- **The data**:
_ _ _ _ _

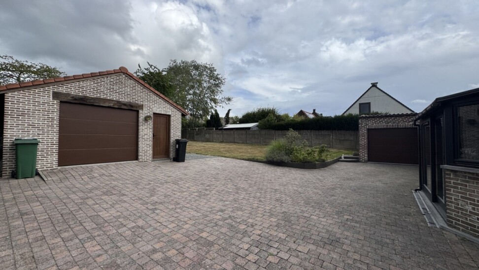 Er zijn 2 ruime garages aanwezig (1 inpandig, 1 aparte garage). Toegang via de oprit naast de woning, met elektrisch hekken.
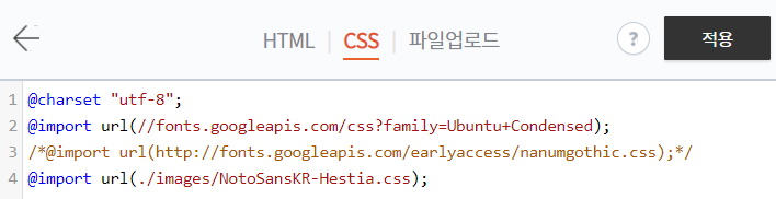 스킨 편집 으로 들어가서 CSS 부분을 수정한다.
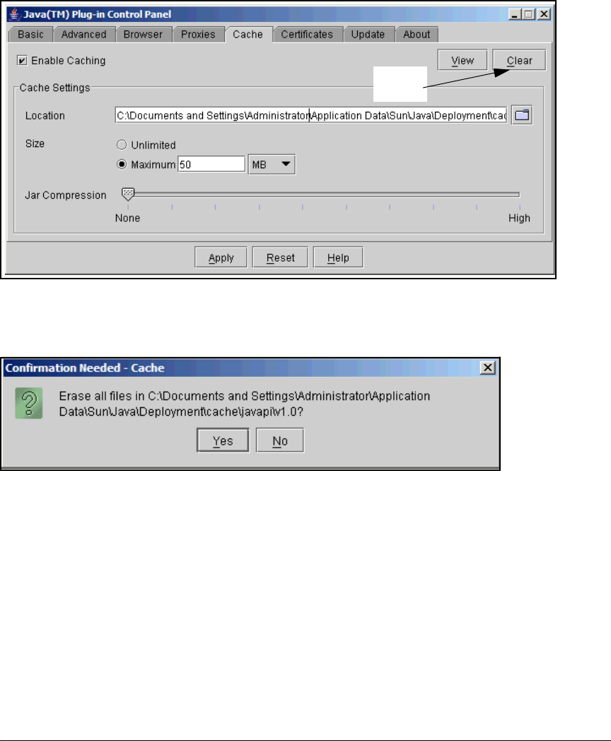 4. You are prompted to confirm clearing the cache. Click the Yes button.
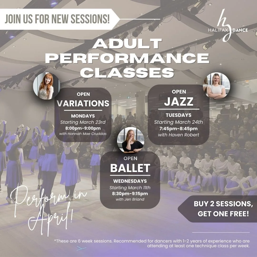 Halifax Dance welcomes adults of all skill levels to experience dance in a fun, accessible environment. Dancing can be a great way to stay active, make friends and learn something new or continue a passion from the past. If you have any questions about which classes may be suitable for you, please email us at info@hfxdance.ca!

_ _ _ _ _

- **Requirement**: Nothing but the text is wanted: repeat the data above exactly, without its images.

- **Answer for the task**:
 Er zijn 2 ruime garages aanwezig (1 inpandig, 1 aparte garage). Toegang via de oprit naast de woning, met elektrisch hekken.
 스킨 편집 으로 들어가서 CSS 부분을 수정한다.
 4. You are prompted to confirm clearing the cache. Click the Yes button.
 Halifax Dance welcomes adults of all skill levels to experience dance in a fun, accessible environment. Dancing can be a great way to stay active, make friends and learn something new or continue a passion from the past. If you have any questions about which classes may be suitable for you, please email us at info@hfxdance.ca!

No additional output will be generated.